Mercedes-Benz Fashion Week Madrid, an event organised by IFEMA, had a great turnout for its 68th edition held from 6 to 11 July, at IFEMA-Feria de Madrid and other venues in the city. The grand Spanish fashion show assembled 47 outstanding Spanish creators and brands and, like last January’s edition, was held on new dates, two months earlier than usual, kicking off the international calendar to boost the event’s international projection.
Samsung EGOs emerging talent opened the fashion show
As a new development, young talents from Samsung EGO were responsible for kicking off the fashion show programme in hall 14.1 on Saturday the 7th, with the presentation of Constanza+Lab, winner of the tenth edition of the Samsung EGO Innovation Project, which was followed by the creations of another eight young designers.
COSTANZA + LAB
… Surrounded by chaos, dizzying speeds, a hostile environment, in the era of the supersmart and super-beings – GARMENTS WITH SUPERPOWERS are here.
QUANTUM collection: GARMENTS WITH EMPATHY THAT FEEL AND REVEAL THE INVISIBLE, garments that express the intangible, garments that embellish our emotions with light.
MINIMALIST FASHIONTECH + COSMIC ACCESSORIES: The garments are intentionally simple. With functional, structural purity and marked horizontal and vertical lines, these geometric patterns have been simplified using the seams themselves. Each fabric, element and texture is fused with a new material: light, creating new codes for emotional communication.
The collection reflects light in the choice of pure WHITE, the star colour. The decision was taken based on the physics of colour: when a body looks white, it is because it is receiving all the basic colours of the spectrum (red + green + blue) and reflecting them back, generating the mixture of these three colours, white. Light also becomes a customisable print that users can choose. A new ecosystem that connects virtual and real worlds through clothing and accessories; a new way of interacting with garments and, by extension, with the world. A nod to the Internet of things (IOT): an object connected to a mobile device that changes its behaviour.

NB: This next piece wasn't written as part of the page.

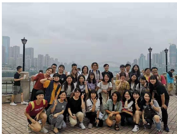
圖9：台灣交換生合照

2) 秋季武隆訪學之旅：2019.10.18~10.20在這三天兩夜中，重大港澳台學生和交換生一起暢玩重慶武隆，這次旅程走訪了武隆知名景點：天生三橋（變形金剛4拍攝地）、仙女山及芙蓉洞，另外還觀看了一齣精采萬分的戲劇——印象武隆，三天兩夜的旅程雖然短暫，但是與眾多來自相同地域的同學們遊玩，一起欣賞武隆之美及當地風情，途中歡笑及快樂的聊天聲充滿遊覽車及各個景點，讓我這三天過得很快樂！除此之外，我也從中學習到武隆的石灰岩地形的形成原因以及感受到當地傳統文化延續，這趟旅程精彩重實，並且有意義！！在這次訪學之旅結束後，各組依照旅行前所分配好的主題各自去探討，我們這組的主題是——武隆少數民族的研討，主題內容有武隆地區少數民族的分佈、土家族簡介、苗族簡介及仡佬族簡介，從這個主題的探討讓我更深入了解到武隆地區多元的少數民族文化，擴展我的新視野，改變我對重慶及西南地區的印象，除了我這組的主題之外，我也從其他組所探討的主題中學習到武隆的地形、地貌、觀光發展及美食等事物，我這時才明白武隆這地方看似是不起眼的小城，但是卻蘊含了許多自然及文化的寶藏，有世界文化遺產的地形景觀——喀斯喀地形，也有豐富多元的少數民族文化聚集在一起，一同呈現出多元樣貌的武隆地區。這次的秋季武隆訪學之旅玩得很開心，也學習得很充實，豐富了我這趟重慶交換學習。

Telephones/tablets/devices connect with our garments and translate the virtual world to express complex matters like emotions and mood. Our garments become a flexible interface that helps us to interact, experiment, enjoy ourselves or simply understand ourselves, enabling a new level of communication: user/garment + user/environment + garment/environment.


ZAP_BUJ
This collection approaches landscape and clothing through the concept of skin or wrapping. The body is wrapped by several skins: our own skin, clothing, architecture, cities… These layers can approach each other and draw closer to the body, our most intimate wrapper. Here, two apparently distant scales are united: land and the body.
A broader view of the landscape; the natural-artificial landscape. This collection is inspired by the natural landscape impacted by man and the urban landscape of our cities. What interests us is the blurry line between nature and the man-made environment. All these landscapes generate textures. Visible or invisible skins that surround our bodies and connect us to the environment. This collection investigates unusual materials in the fashion world such as silicone, thermal technical insulation sheets, plastics with acetate and perspex. Technology is applied to these skins through digital design tools and prototyping (laser cutting) to adapt the materials to the body. This softens these hard skins with cut work and repeating elements and by applying flexible silicones. The clear, shiny tones in the collection evoke watery marine landscapes, rice paddies built by man and the light architectural materials in our cities. All this creates an aerial view of the body on this hazy yet clear verge.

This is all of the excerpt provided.